EXERCISE REQUIREMENTS: Skip all pictures. Write out the data below from its first line through the line that contains "जसअनुसार ७ जिल्लाका".

RECORDS TO PROCESS:
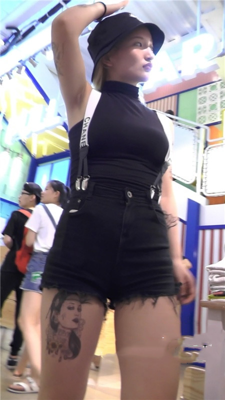 【编号1198】街拍黑色紧身短裤纹身月牙妹子
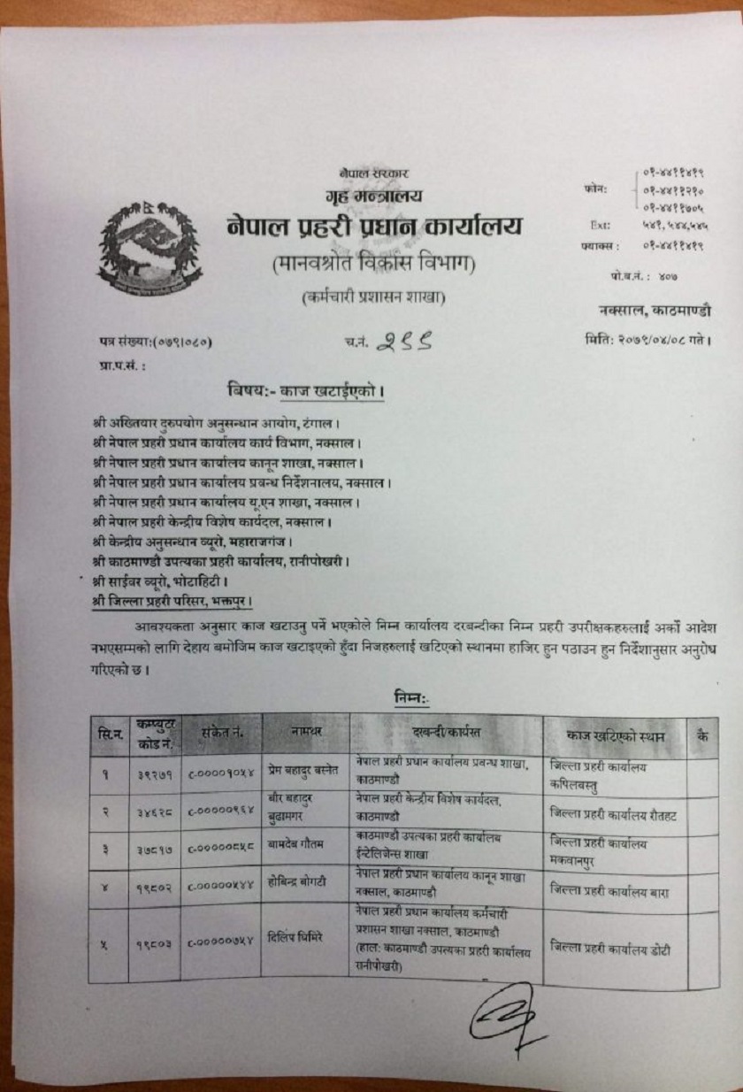 जसअनुसार ७ जिल्लाका प्रहरी प्रमुख परिवर्तन भएका छन्। जिल्ला प्रहरी कार्यालय डोटीमा दिलिप घिमिरेलाई सरुवा गरिएको छ। कपिलवस्तुमा प्रेमबहादुर बस्नेतलाई सरुवा गरिएको छ। रौतहटमा वीरबहादुर बुढामगर, मकवानपुरमा वामदेव गौतम र बारामा होबिन्द्र बोगटीलाई सरुवा गरिएको छ।
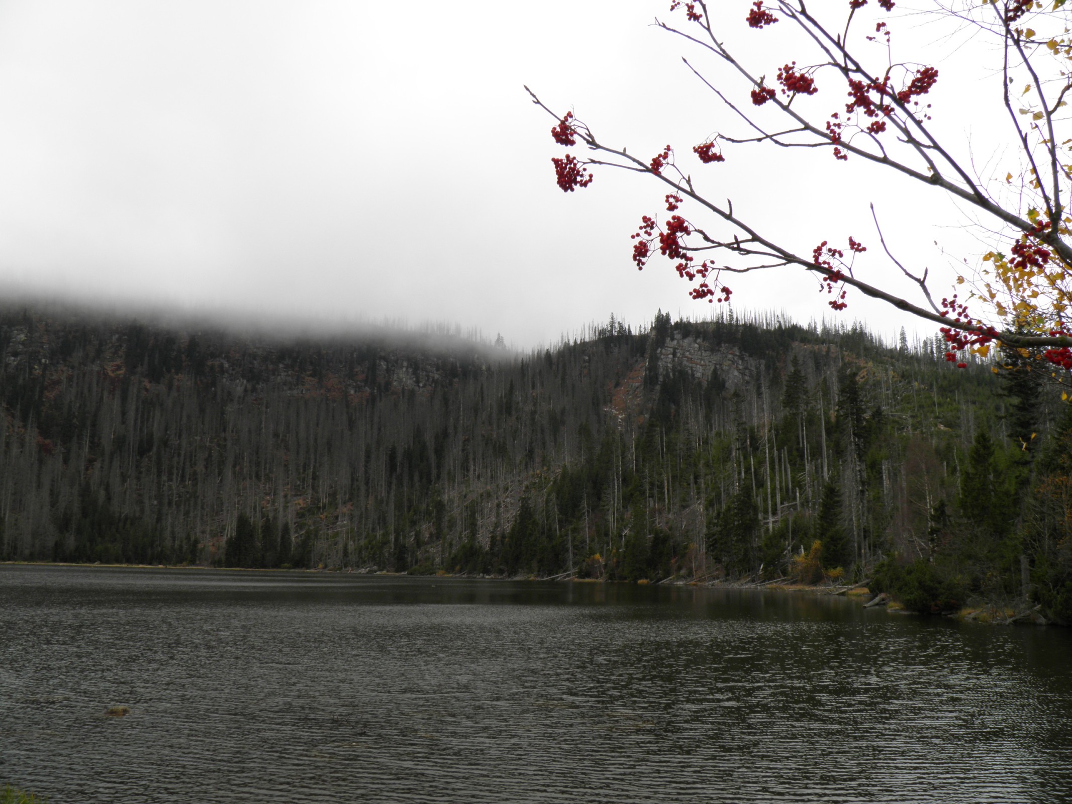 Při našem pobytu na Šumavě jsme samozřejmě měli s sebou i horská kola, která jsme využili k několika výletům. Jedním z nich byl výjezd na Plešné jezero. Byl to sice jen půldenní výlet, ale přesto hezký výjezd. Po obědě v hospodě v Nové Peci jsme vyjeli po cyklostezce č.1026 směrem na Láz a dál jsme pokračovali na Raškov. Tady začala pohodička, protože jsme jeli po rovince podél Schwarzenberského kanálu k Rossbachu. Tady jsme začali pomalu stoupat na Říjiště a dále k Jezerní stezce a nouzovému nocovišti pod Plešným jezerem. Pro pěší je to odsud k jezeru jen 2 km po zelené, ale my jsme pokračovali po cyklostezce 1028 na rozcestí U stříšky. Tady jsme najeli na cyklostezku č. 1029 za začali opravdu stoupat k jezeru. Čekali jsme horší a delší výjezd, ale po lesní asfaltce jsme za chvilku dojeli k jezeru. Bohužel okolní kopce byly v mracích....... Pročetli jsme informační tabule, udělali několik fotek a vyrazili jsme na zpáteční sjezd. Ten vedl stejnou cestou až u Raškova jsme najeli na cyklostezku 1023, která nás dovedla na Klápu. Slabá půlhodinka a byli jsme u auta. Hezký sjezd......
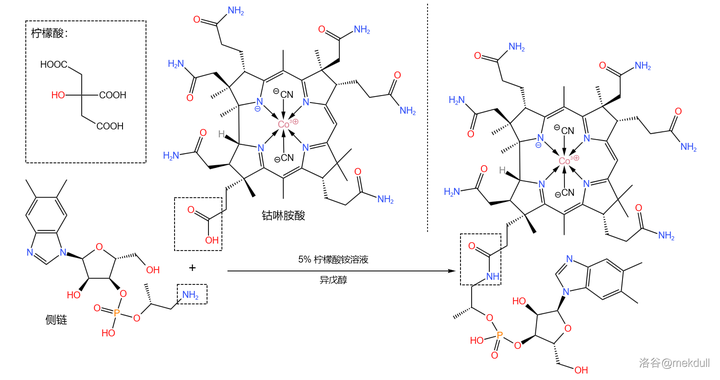 最后,我们需要把这条侧链“装”到钴啉胺酸上。为此,课题组测试了多种反应条件,最终选择使用柠檬酸铵溶液和异戊醇的混合物处理。二者顺利地发生脱水缩合反应,以 的产率得到最终产物:
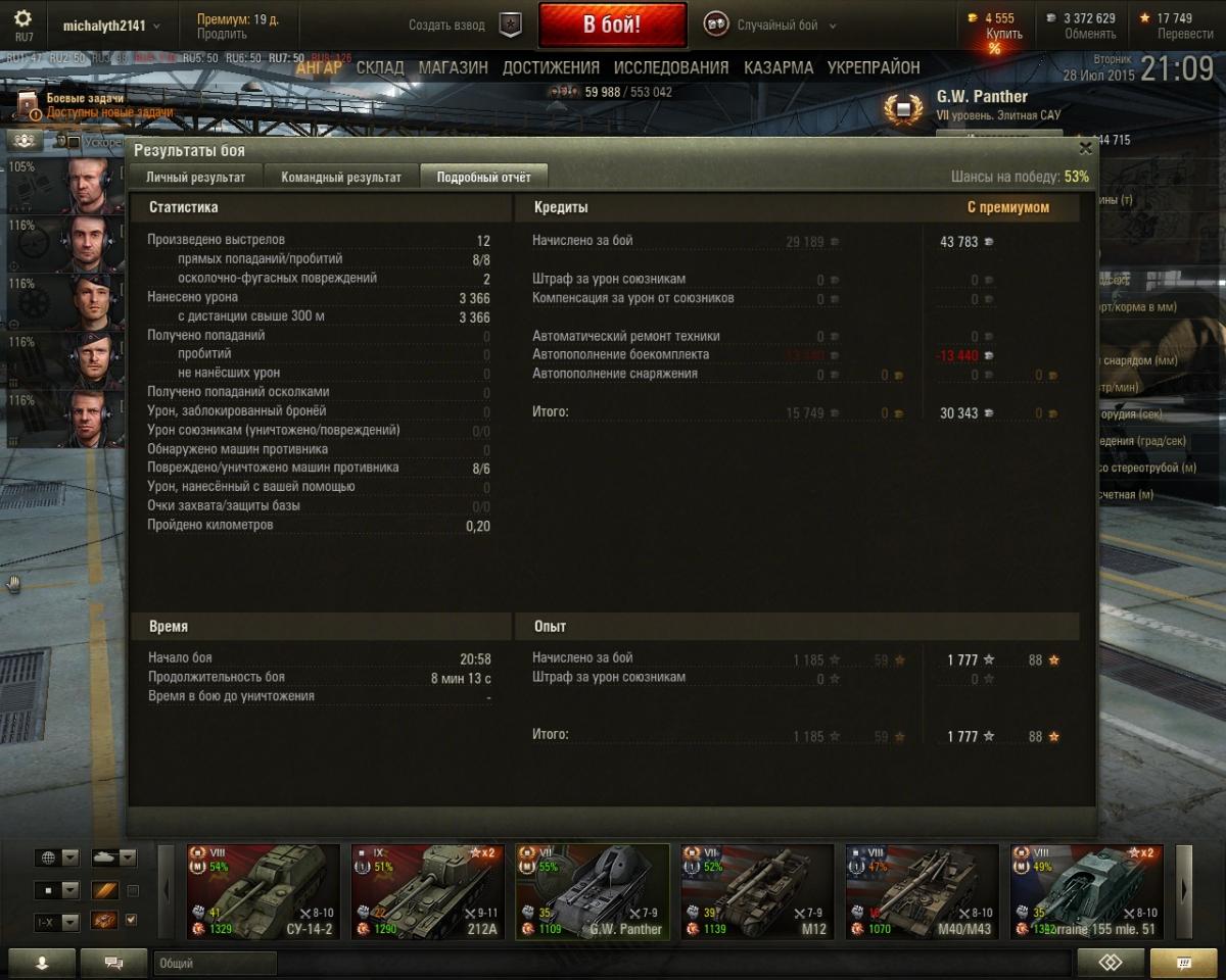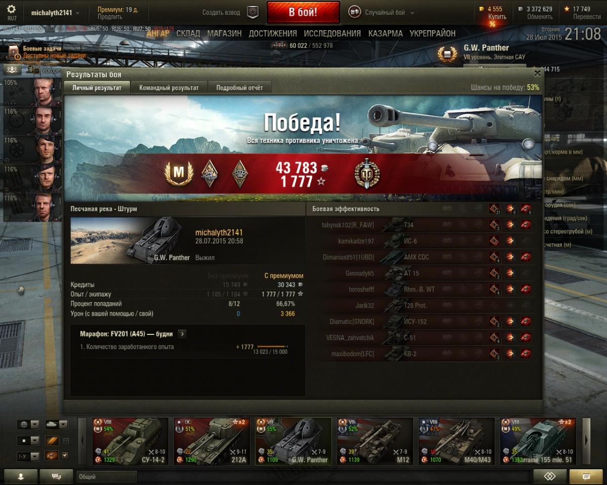 Камрады, 15е ЛБЗ выполнял как раз на М12( до этого 14 сделал на Гиви П, буквально за пару дней), так вот - предыдущий бой, почти не одного попадания, а следующий( когда 15ЛБЗ сделал) -просто чума, каждый снаряд -в цель. Этот ВБР реально напрягает - на хрена такое: один бой- ни фига, другой бой- всё отлично.

RESULT BELOW:
 【编号1198】街拍黑色紧身短裤纹身月牙妹子
 जसअनुसार ७ जिल्लाका प्रहरी प्रमुख परिवर्तन भएका छन्। जिल्ला प्रहरी कार्यालय डोटीमा दिलिप घिमिरेलाई सरुवा गरिएको छ। कपिलवस्तुमा प्रेमबहादुर बस्नेतलाई सरुवा गरिएको छ। रौतहटमा वीरबहादुर बुढामगर, मकवानपुरमा वामदेव गौतम र बारामा होबिन्द्र बोगटीलाई सरुवा गरिएको छ।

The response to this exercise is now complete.